Scandal as Power Struggle
in the U.S. Ruling Class:
Inquisitions and Chickens

by Redwing

Revolutionary Worker #977, October 11, 1998

This week, as the mountains of videotape, Tripp entrapment tapes, and transcripts of coerced testimony before the grand jury piled higher and higher, I found myself thinking about Arthur Miller's play, The Crucible. This chilling story of the Salem witch trials--first written for the stage after the McCarthy hearings of the 1950s--was made into a film a few years ago. And when it opened I went to see it with some comrades on Christmas Day. It is a powerful tale of a ruthless Inquisition--which aimed to consolidate the punishing ideological, political, legal and property relations of the bourgeoisie through a moral crusade. And the film was clearly a protest against the reimposition of traditional values in late 20th-century America. The theater was packed, and I thought it was neat that on Christmas Day people were watching this movie that slammed the Christian inquisition of our time.
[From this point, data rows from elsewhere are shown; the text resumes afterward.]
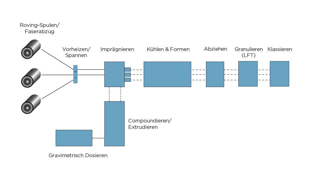 Mit unserem umfassenden technischen Know-how realisieren wir in Zusammenarbeit mit Partnern Systeme für die Herstellung von LFT Langfaserverstärkten Thermoplasten im Pultrusionsverfahren. Die hochpräzisen Dosiergeräte, der Hochleistungs-Doppelschneckenextruder – in dem mittels spezieller Schneckenkonfigurationen die produktschonende Aufbereitung des Polymers und der Additive erfolgt – sowie die LFT-Granulierung und der LFT-Klassierer werden von Coperion und Coperion K-Tron geliefert. Der Pultrusionsimprägnierkopf mit Roving-Spulengatter, der die Imprägnierung der Fasern in den Anlagen übernimmt, sowie weitere Ausrüstungskomponenten stammen von Partnerunternehmen.
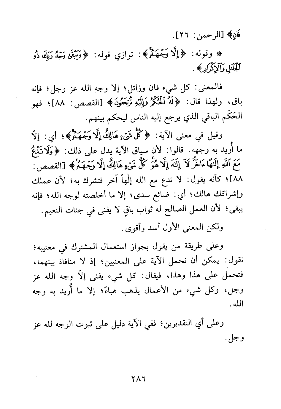 وعلى طريقة من يقول بجواز استعمال المشترك في معنييه، نقول: يمكن أن نحمل الآية على المعنيين، إذ لا منافاة بينهما، فتحمل على هذا وهذا، فيقال: كل شيء يفنى إلا وجه الله عز وجل، وكل شيء من الأعمال يذهب هباء، إلا ما أريد به وجه الله.
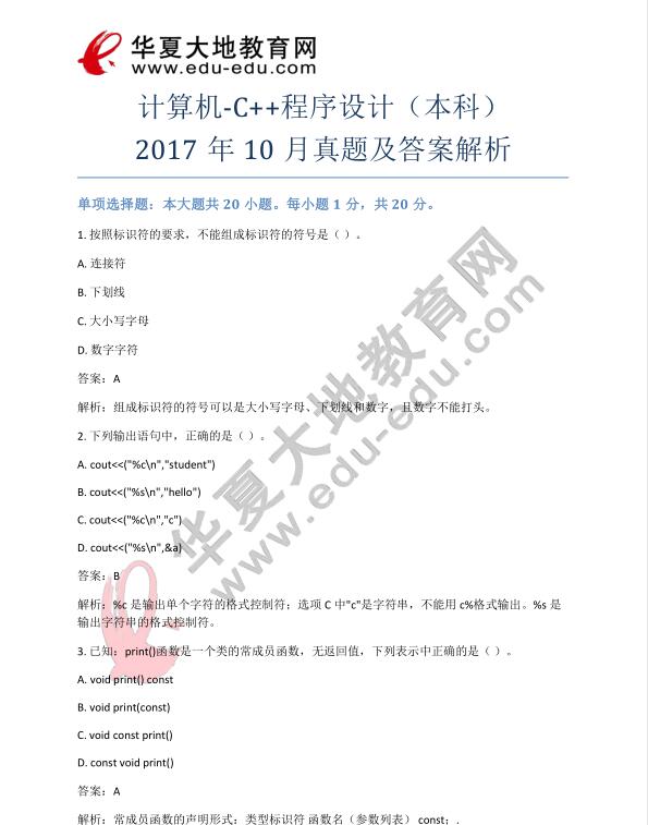 资料简介:自考《计算机-C++程序设计》(本科)2017年10月真题及答案解析
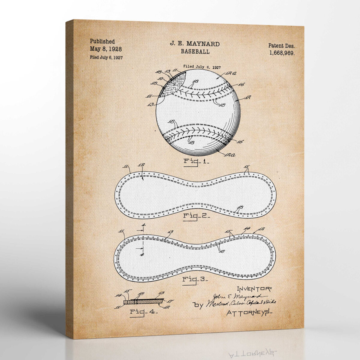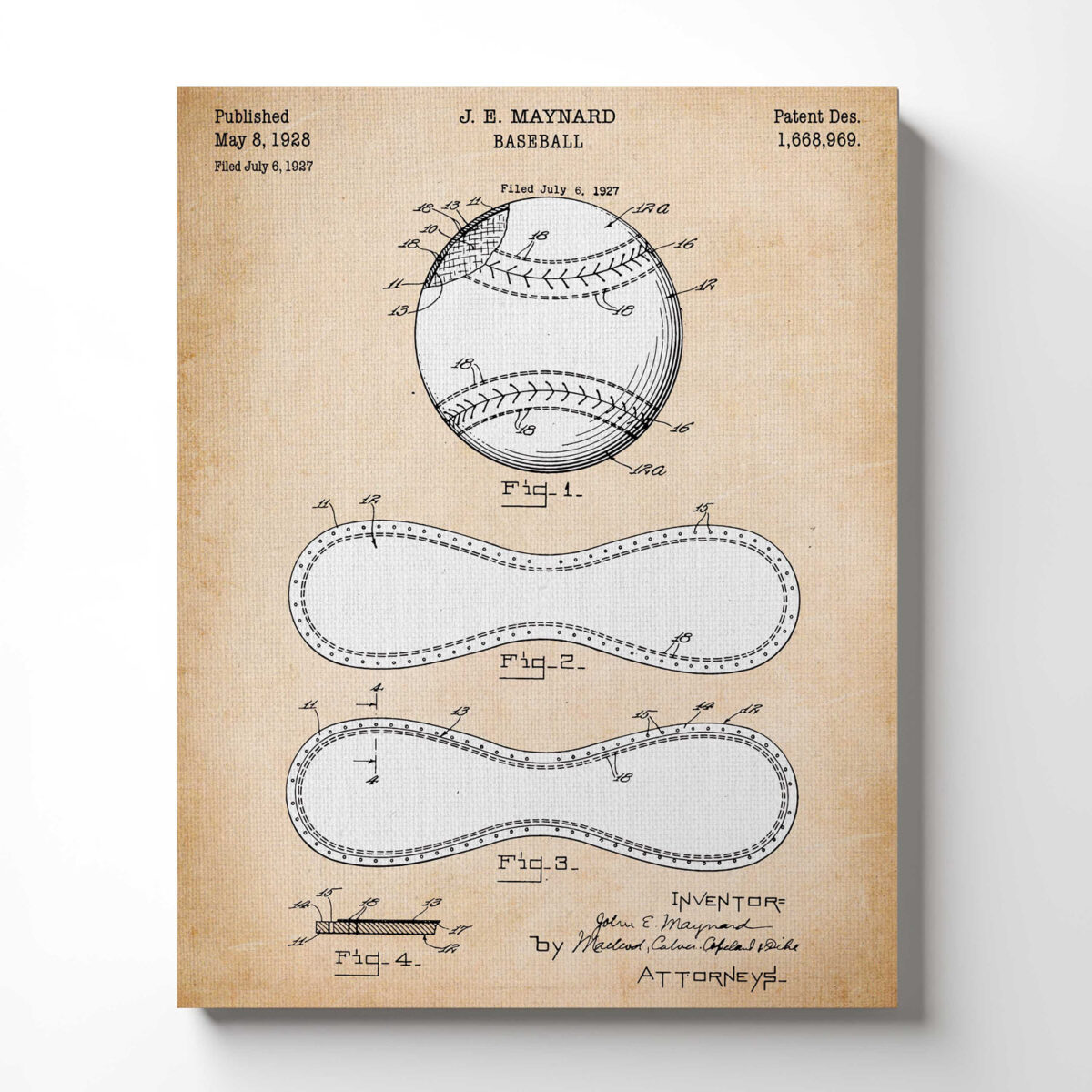 Baseball Decorations for Room, Baseball Patent Canvas Print, Ready To Hang for Living Room Home Wall Decor, C2313b
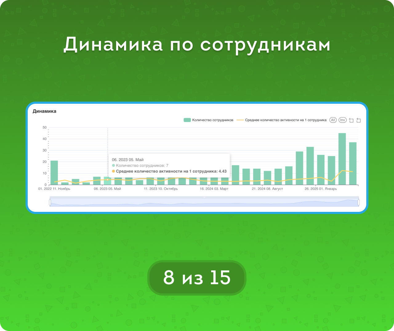 Вкладка «Сотрудники» включает в себя следующие метрики:
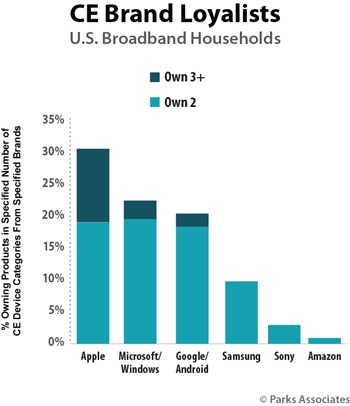 DALLAS, TX--(Marketwired - Nov 29, 2016) - New research from Parks Associates finds smart home solutions that coordinate safety and home/away event scenarios could help a device manufacturer create cross-platform brand loyalty similar to Apple's dominance in CE device ecosystems. The IoT research firm finds U.S. consumers are more likely to own multiple CE products from Apple than from any other CE brand, with loyalty based largely around its mobile platforms. The emerging smart home markets do not have a dominant cross-platform player yet and represent an opportunity to establish a new population of brand loyalists.
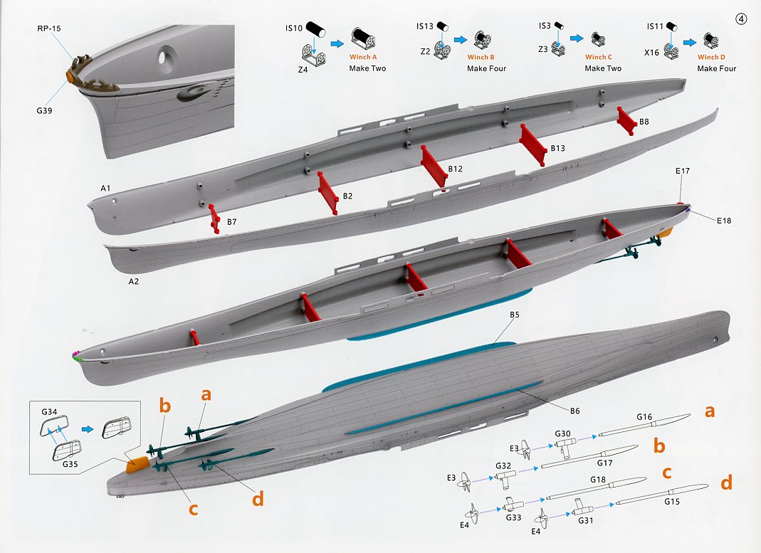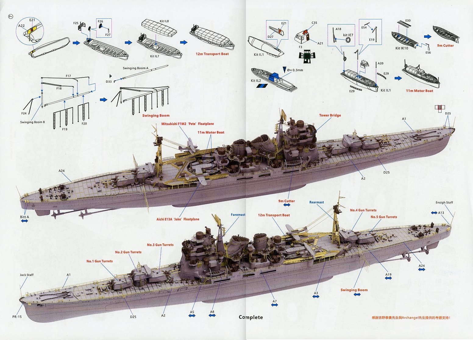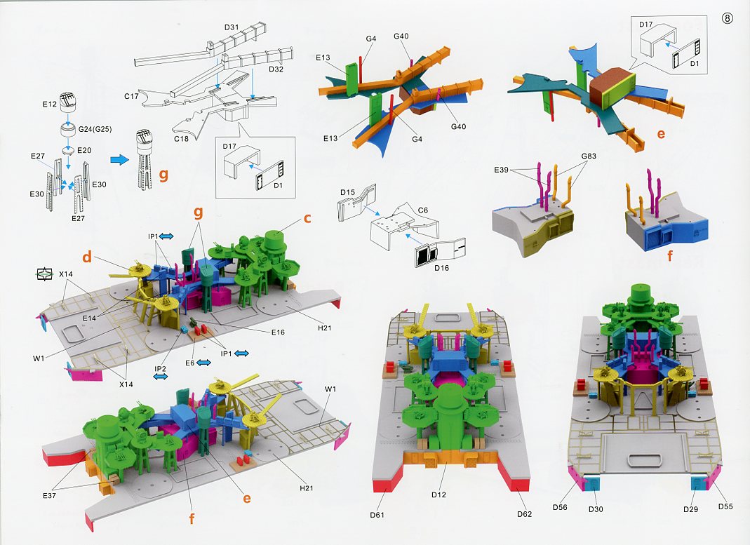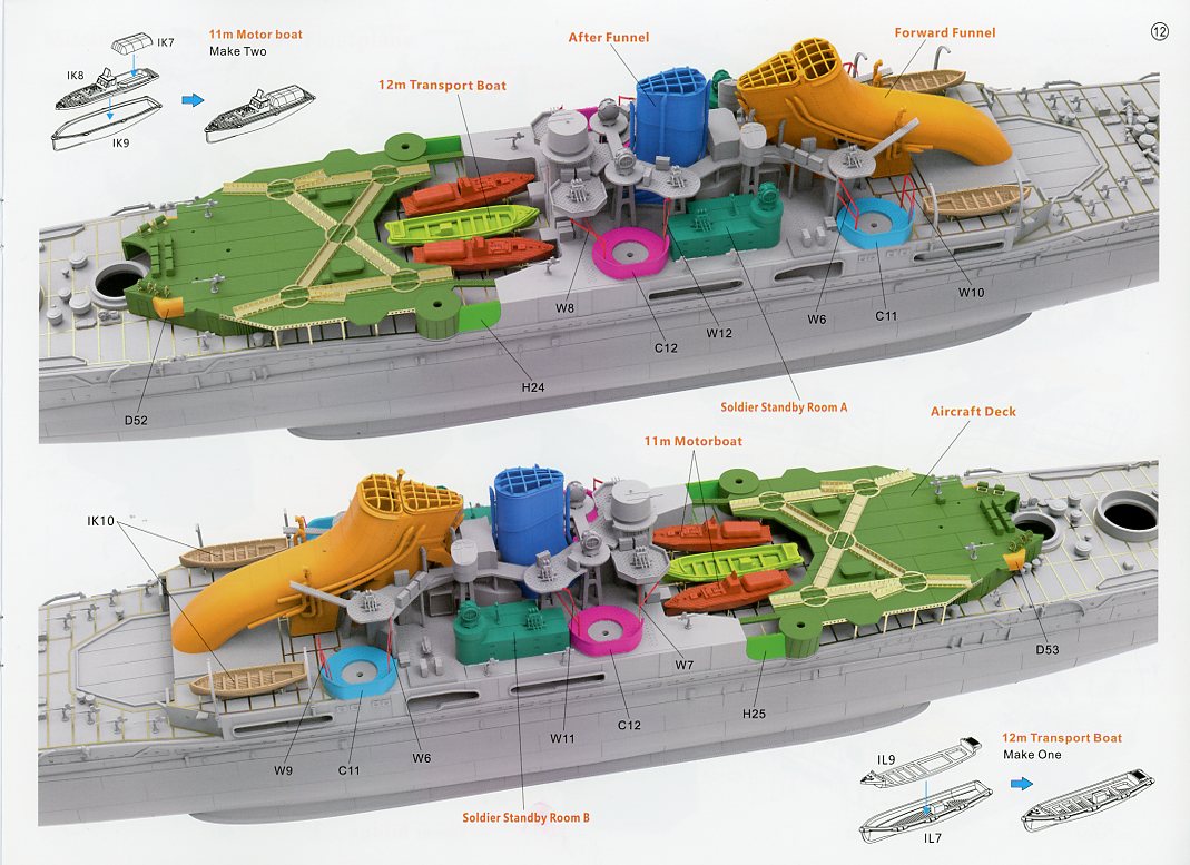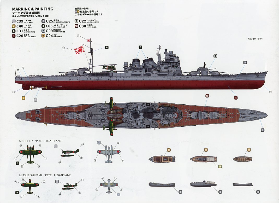 | Similar to the Takao, there’s a reprint of the cover art with a short history of Atago in English. The instructions are 19 pages long, with parts manifest, and a combination of drawings and colorful 3D renders to help guide you through the instructions. The last page of the instructions is the marking and painting guide. | ||||||||||

Many voices, including my own, have drawn a parallel between these witch trials and the Starr inquisition. But unlike the story of the Crucible--where our sympathies are wholly with the men and women who were the targets of the Inquisition--the current situation poses a more complex challenge. The challenge facing the people is to vigorously oppose the Inquisition while not defending Bill Clinton. Because in this crusade to reimpose traditional values, traditional morality, and the rule of unjust laws--which is now threatening to bring down a President--Bill Clinton has played a most insidious role. And, as Malcolm X once said about Kennedy, when he fell as the result of fierce infighting in the ruling class--chickens are coming home to roost.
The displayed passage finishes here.